But there could also be a much simpler explanation. It could just be that the platform intermediary (i.e. the Swiss Federal Archives) marked certain metadata fields as compulsory, while making others optional for data providers. Accordingly, it would be impossible for data providers to publish OGD without for instance determining a licencing model or indicating the resource’s originator. Since the existing technical and organisational guidelines (e.g. DCAT-AP for Switzerland) or end-user handbooks are not always written in ways that can be understood by a non-technical expert in a public administration, it could be that the technical complexity of publishing OGD, paired with ignorance, may have influenced data providers to only publish metadata they could fully understand.

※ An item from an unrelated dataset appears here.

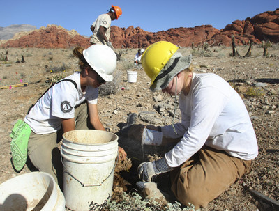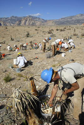The sound of picks and shovels pounding the hard Mojave Desert soil signaled the return of plant life Tuesday to the core of Red Rock Canyon's scenic loop.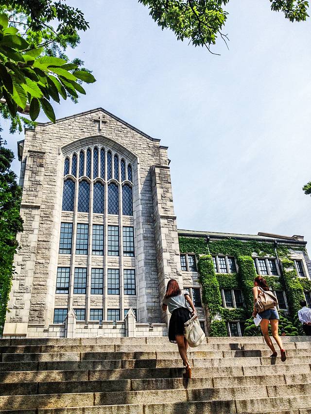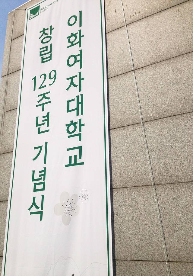 梨大正门,梨花墙正对面~~一大波精心化妆后的美腻妹纸涌入校园(此时,9:40)~~

When looking at the differences at the distinct political levels, we see an interesting result. On average, data resources published by communal organisations are more compliant, particularly in terms of ease of access, non-discrimination and usage costs. A plausible explanation for this could be that these actors are closer to citizens and are therefore more attentive to their needs, or that federal agencies must deal with a greater diversity and complexity of data resources, making publishing OGD more difficult and error-prone. However, it could also be that certain actors (e.g. Federal Office of Statistics, Federal Office of Topography) are not only participating in sharing OGD because they want to (e.g. as communal or cantonal organisations), but because they have to. Enforcing top-down diffusion of OGD could strengthen the belief that OGD is a burden to public administrations, rather than a service to citizens (Janssen et al., 2012). Nonetheless, our results are surprising, given that prior research has found that federal-level governmental agencies often have a higher maturity and readiness to diffuse OGD than communal or regional (cantonal) public administrations (Zuiderwijk et al., 2018b).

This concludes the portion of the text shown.